Добавить в цитаты Настройки чтения

Страница 7 из 14



Постепенное осознание самобытности как универсального принципа, основанного на особенностях характера и нравственных идеалах народа, приводит Киреевского к изучению убеждений, эстетических представлений и бытовой жизни народа. Довольно быстро он признает превосходство народа над образованным обществом (а следовательно, и над собой). Критерием этого превосходства становится не чистота и искренность идеалов, не исполнение религиозных обрядов, а жизненная цельность. Цельность – категория не только философская и психологическая (психология в то время не прибегала к подобным понятиям), но также и эстетическая.

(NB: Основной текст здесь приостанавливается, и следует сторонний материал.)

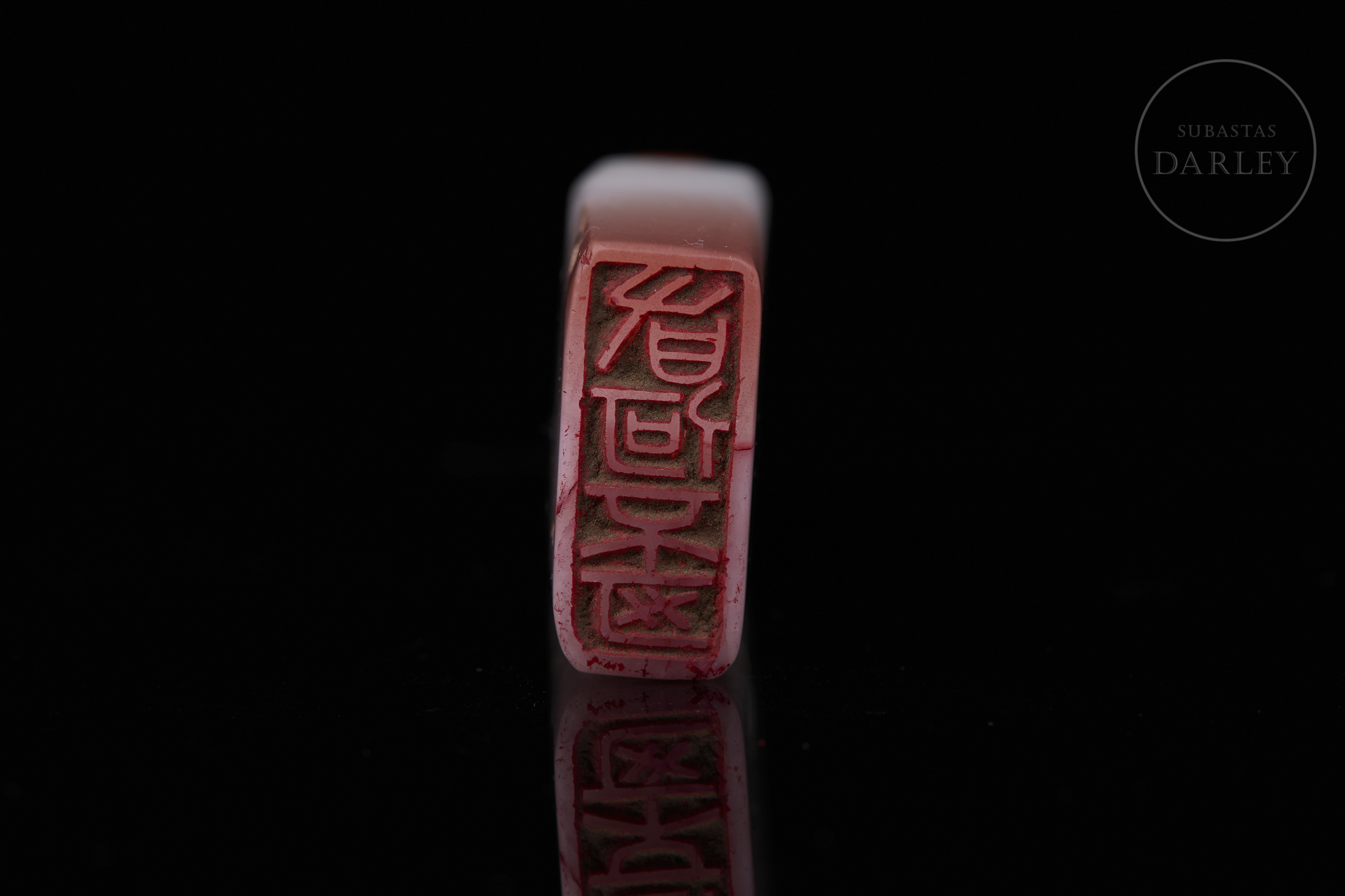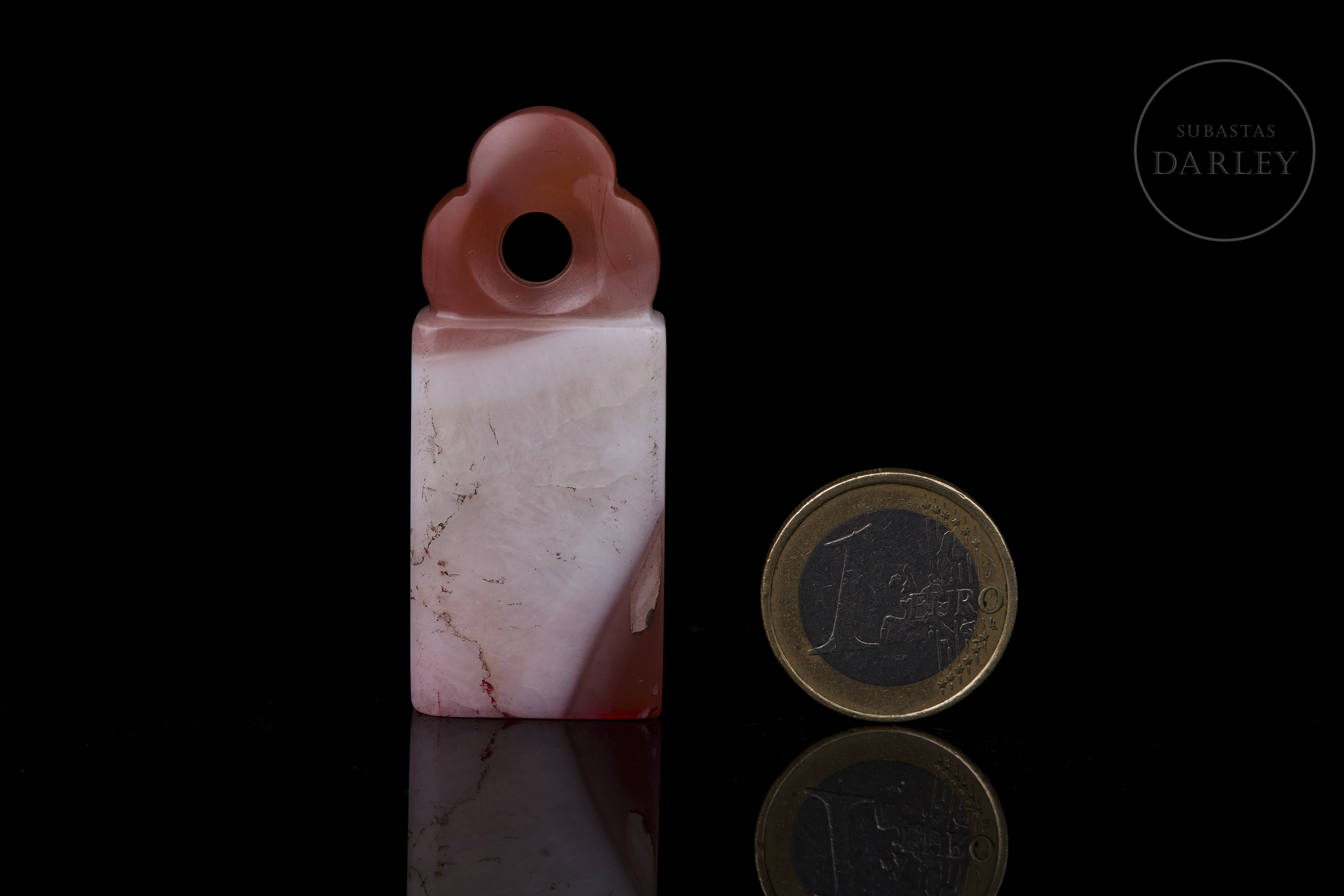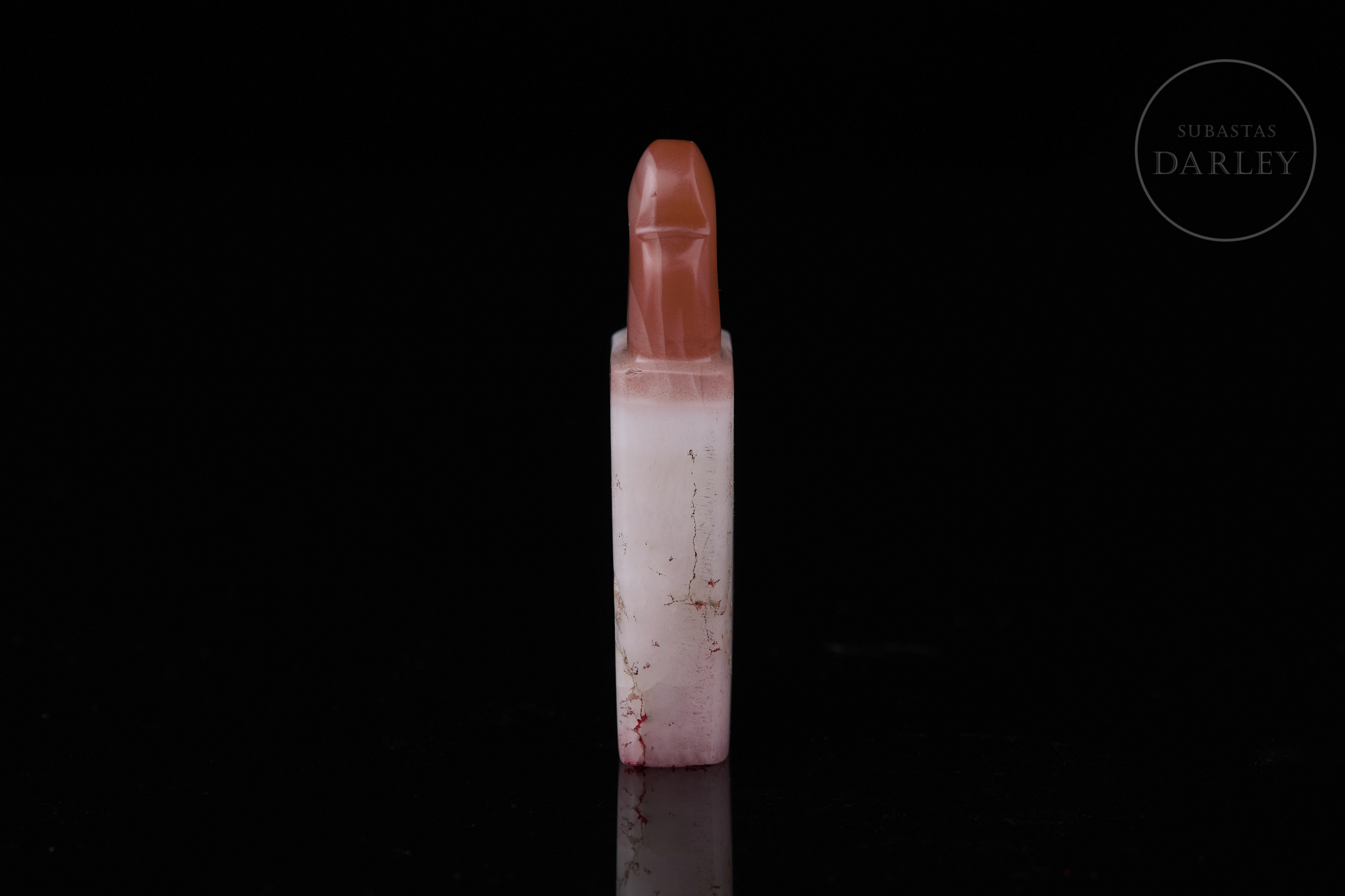 Sello de ágata tallada de color blanco lechoso con vetas de color rojo cinabrio intenso. Muestra un cuerpo rectangular y esbelto, con la parte superior tallada en forma de remate lobulado, con perforación central para su uso como colgante. En la base se dispone un sello grabado con los caracteres "有何不可". Dinastía Qing (1644-1912).

Иногда кажется, что Киреевский как бы примеривает маски, приглядывается к разным видам деятельности как к ролям, разумеется, прежде всего заглавным. В 1827 г. он писал А.И. Кошелеву: «Я могу быть литератором, а содействовать к просвещению народа не есть ли величайшее благодеяние, которое можно ему сделать. На этом поприще мои действия не будут бесполезными. Но целую жизнь имея целью образовываться, могу ли я не иметь веса в литературе. Я буду иметь его и дам литературе свое направление». Если подобное высказывание и было несколько самонадеянным, то ни друзьям, ни близким, ни даже его учителю – В. А. Жуковскому – оно таковым не показалось.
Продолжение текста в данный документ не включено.